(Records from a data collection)

>>>>

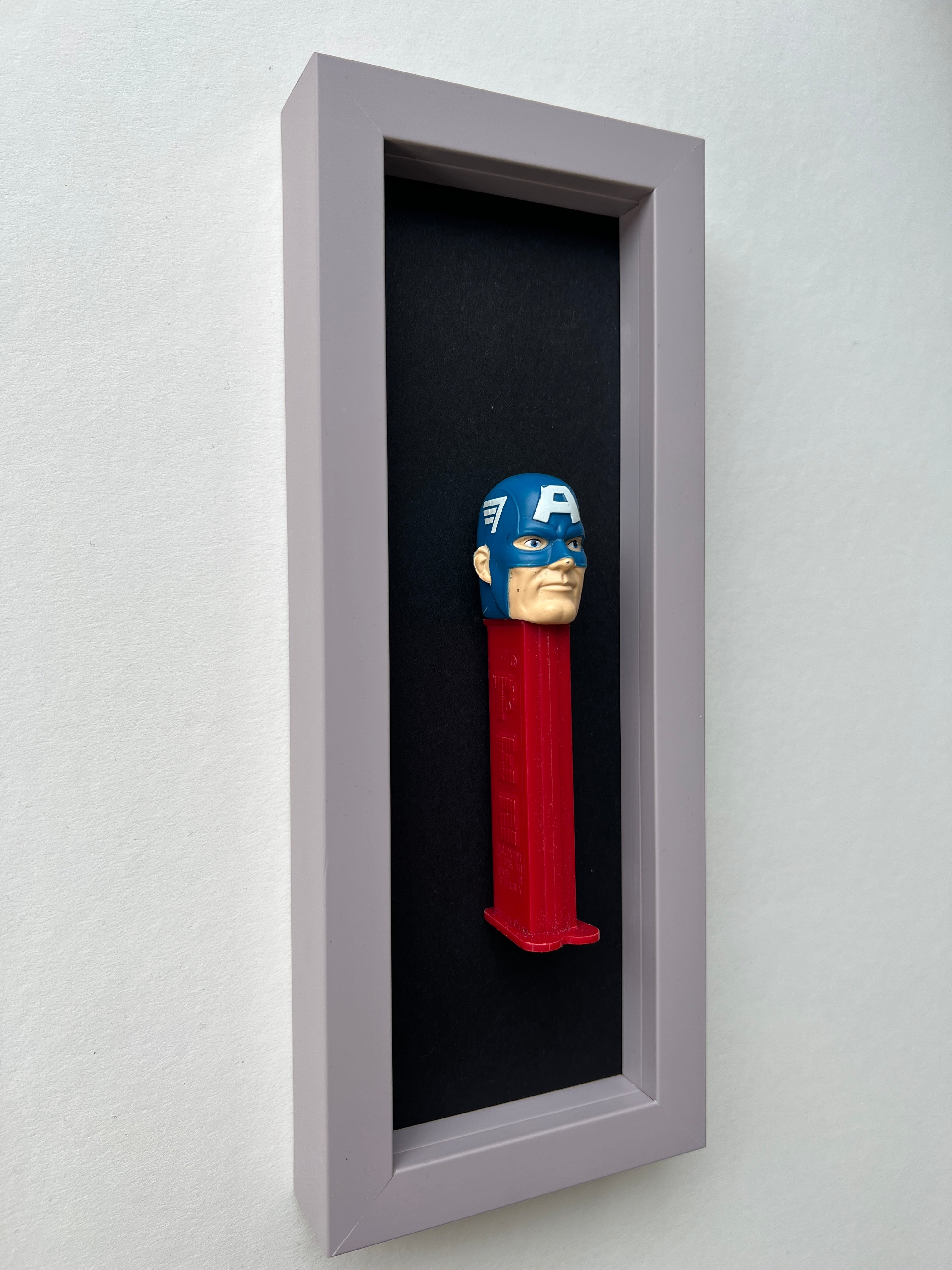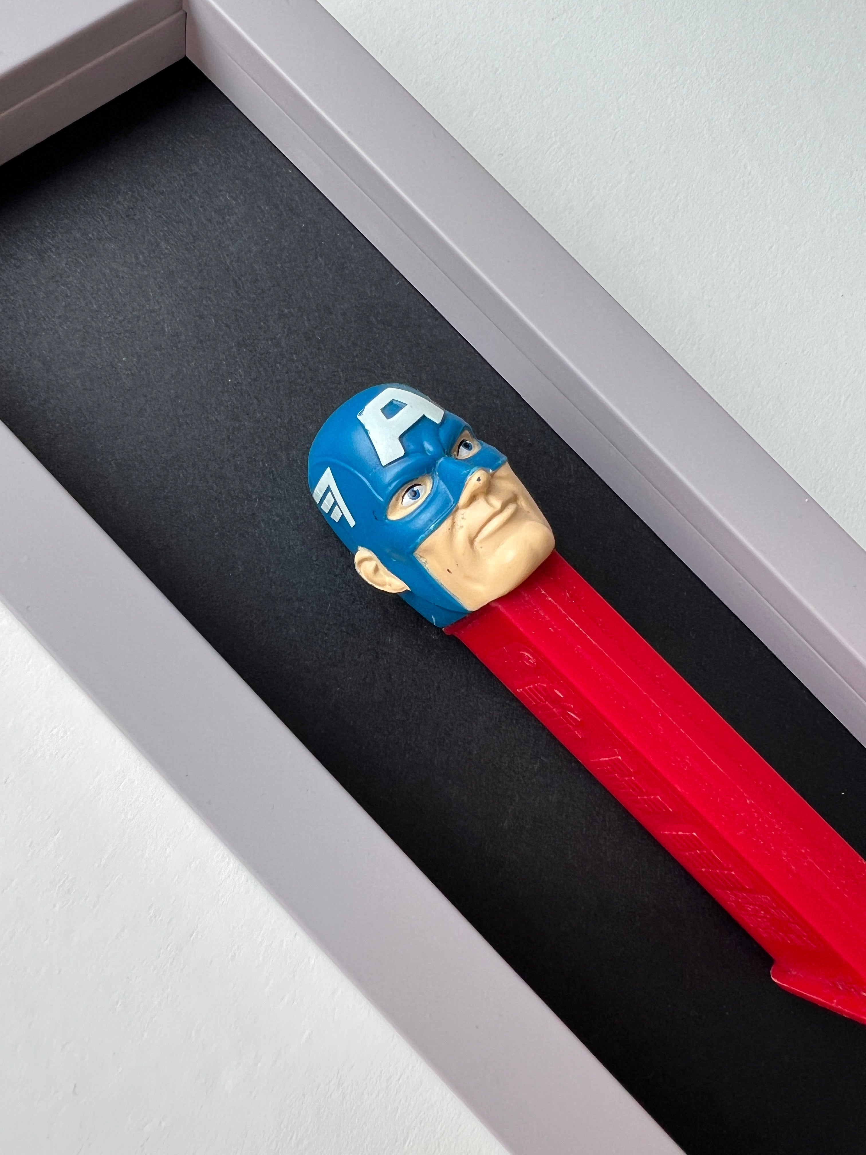 Jede Figur erzählt ihre eigene Geschichte – manche sind fast 50 Jahre alt und haben geduldig darauf gewartet, wiederentdeckt zu werden. Als wir die ersten PEZ-Spender auf einem Flohmarkt fanden, war sofort klar: Diese kleinen Schätze verdienen eine Bühne. Nach viel Tüftelei, dem Mix aus ausgewählten Materialien und liebevoller Handarbeit sind sie nun da – kleine Helden, kunstvoll in komplementären Farben gerahmt für deine Wände!
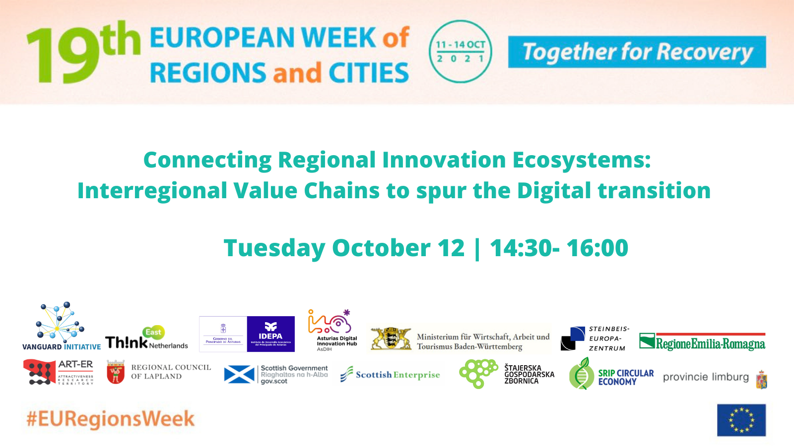 Vanguard Initiative, jointly with the VI Regions East Netherlands, Asturias, Baden Württemberg, East and North Finland, Emilia Romagna, Scotland, Slovenia, and South Netherlands is organising the event Connecting Regional Innovation Ecosystems: Interregional Value Chains to spur the Digital transition as part of the official programme of the European Week of Regions and Cities.
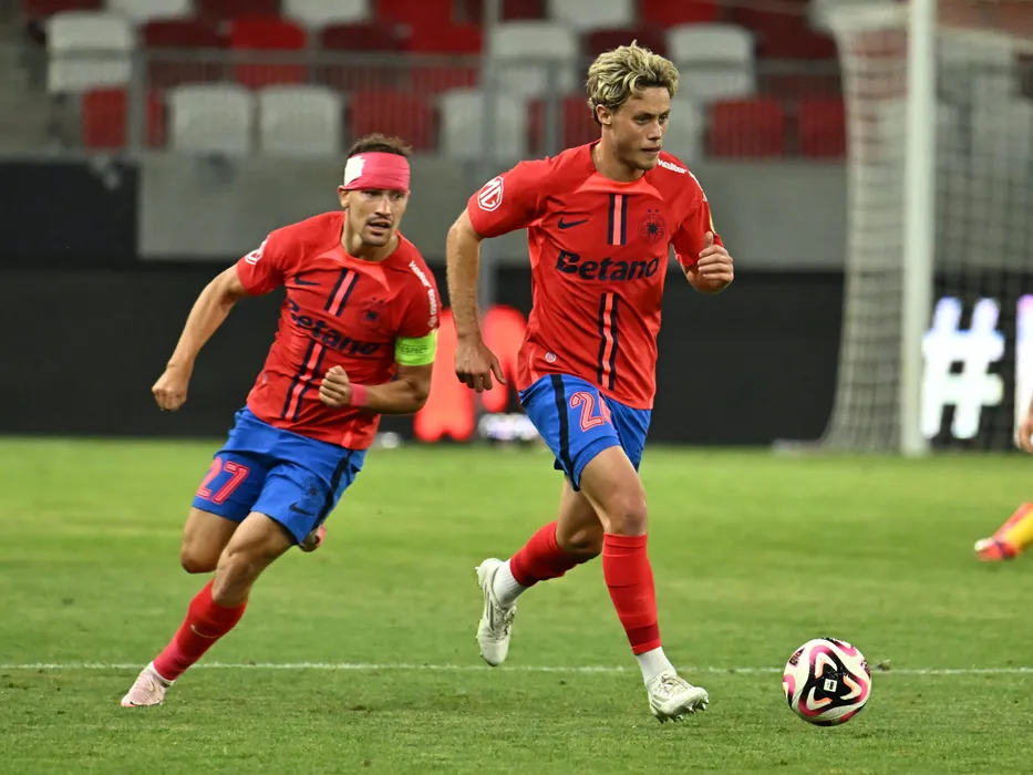 Darius Dumitru Olaru si William Guido R Baeten in meciul dintre Maccabi Tel Aviv FC si FCSB, contand pentru Preliminariile Ligii Campionilor, desfasurat pe Bozsik Arena din Budapesta, miercuri 31 iulie 2024. © FOTO:Razvan Pasarica/SPORT PICTURES
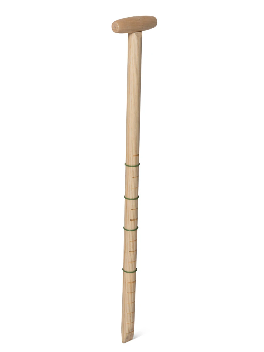 This oversized dibber has “wicked smaht” design! Etched-on inch measurments along the length of the tool let you precisely measure the depth of seed and bulb planting holes. For even quicker depth measurement, slide one of the four green rubber gaskets down to any marking and you’ll have a quick visual aid — no counting or double-checking necessary! Turn it sideways to space plants appropriately and you can even use the chisel tip to score straight rows in the soil. Made of sturdy but lightweight ash wood, it’s also strong enough to break up hard-packed clumps of soil and the ergonomic T-handle helps you avoid wrist fatigue.
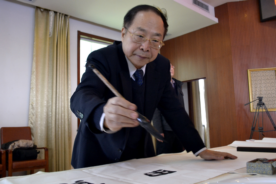 “五牛图”是山西大众书画院副院长张怀文精心所创,他笔下的健硕之牛,或筋骨毕露疲惫力田,或耸肩抵尾横去斜奔,或不骄不躁沉默坦然,皆笔墨苍健酣畅,浑朴遒劲,终生劳瘁,事人而安不居功。这时,几个战士们抬着国防教育训练中心大门巨幅春联“能打仗打胜仗铸龙城精兵、建窗口创一流卫省城平安”,“世纪神州添锦绣,蛇年伟业更辉煌”,大家都被由省文联党组副书记、省书协主席石跃峰创作的气势磅礴的书法作品所震撼,这些催人奋进的作品与军队昂扬的斗志、顽强的作风相得益彰。
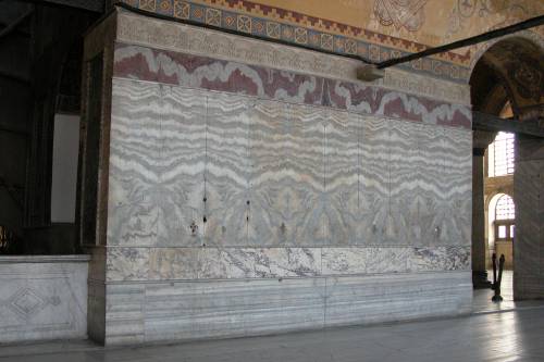 Sono inoltre impiegate lastre di marmo che producono motivi geometrici.
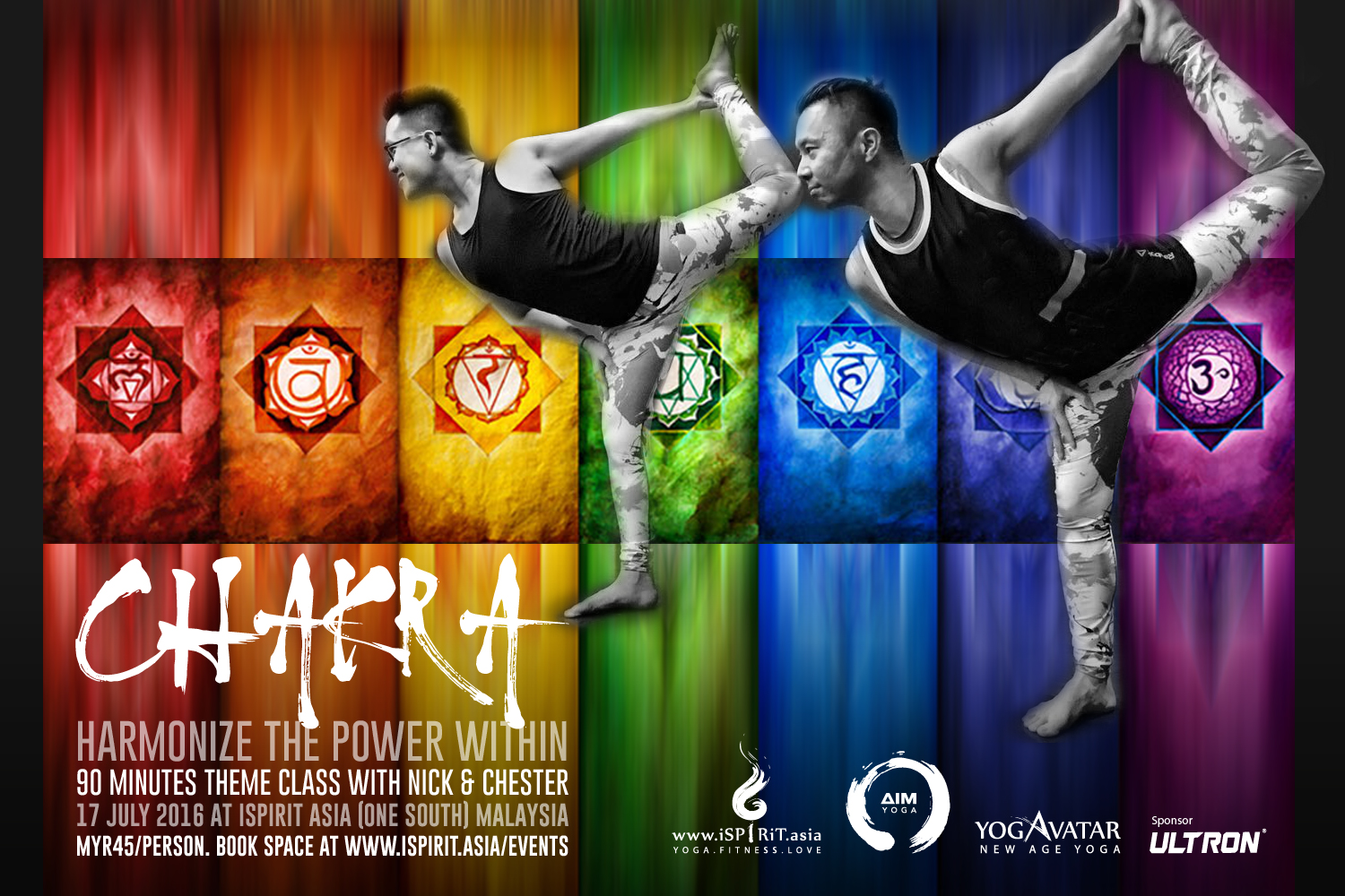 Join Chakra~ Harmonize The Power Within: 90 Minutes Theme Class With Nick & Chester on 17 July 2016 at iSpirit Asia Kuala Lumpur Malaysia. Uncover your true purpose of your energetic centers. Within our bodies we have “power centers” we call this as Chakras, where energies being stored and distributed. A great class for all levels of yoga practitioner, modifications will be offered for a variety of levels.

<<<<

### What is needed
Give back each line above exactly, with pictures dropped.

### Answer space
 Jede Figur erzählt ihre eigene Geschichte – manche sind fast 50 Jahre alt und haben geduldig darauf gewartet, wiederentdeckt zu werden. Als wir die ersten PEZ-Spender auf einem Flohmarkt fanden, war sofort klar: Diese kleinen Schätze verdienen eine Bühne. Nach viel Tüftelei, dem Mix aus ausgewählten Materialien und liebevoller Handarbeit sind sie nun da – kleine Helden, kunstvoll in komplementären Farben gerahmt für deine Wände!
 Vanguard Initiative, jointly with the VI Regions East Netherlands, Asturias, Baden Württemberg, East and North Finland, Emilia Romagna, Scotland, Slovenia, and South Netherlands is organising the event Connecting Regional Innovation Ecosystems: Interregional Value Chains to spur the Digital transition as part of the official programme of the European Week of Regions and Cities.
 Darius Dumitru Olaru si William Guido R Baeten in meciul dintre Maccabi Tel Aviv FC si FCSB, contand pentru Preliminariile Ligii Campionilor, desfasurat pe Bozsik Arena din Budapesta, miercuri 31 iulie 2024. © FOTO:Razvan Pasarica/SPORT PICTURES
 This oversized dibber has “wicked smaht” design! Etched-on inch measurments along the length of the tool let you precisely measure the depth of seed and bulb planting holes. For even quicker depth measurement, slide one of the four green rubber gaskets down to any marking and you’ll have a quick visual aid — no counting or double-checking necessary! Turn it sideways to space plants appropriately and you can even use the chisel tip to score straight rows in the soil. Made of sturdy but lightweight ash wood, it’s also strong enough to break up hard-packed clumps of soil and the ergonomic T-handle helps you avoid wrist fatigue.
 “五牛图”是山西大众书画院副院长张怀文精心所创,他笔下的健硕之牛,或筋骨毕露疲惫力田,或耸肩抵尾横去斜奔,或不骄不躁沉默坦然,皆笔墨苍健酣畅,浑朴遒劲,终生劳瘁,事人而安不居功。这时,几个战士们抬着国防教育训练中心大门巨幅春联“能打仗打胜仗铸龙城精兵、建窗口创一流卫省城平安”,“世纪神州添锦绣,蛇年伟业更辉煌”,大家都被由省文联党组副书记、省书协主席石跃峰创作的气势磅礴的书法作品所震撼,这些催人奋进的作品与军队昂扬的斗志、顽强的作风相得益彰。
 Sono inoltre impiegate lastre di marmo che producono motivi geometrici.
 Join Chakra~ Harmonize The Power Within: 90 Minutes Theme Class With Nick & Chester on 17 July 2016 at iSpirit Asia Kuala Lumpur Malaysia. Uncover your true purpose of your energetic centers. Within our bodies we have “power centers” we call this as Chakras, where energies being stored and distributed. A great class for all levels of yoga practitioner, modifications will be offered for a variety of levels.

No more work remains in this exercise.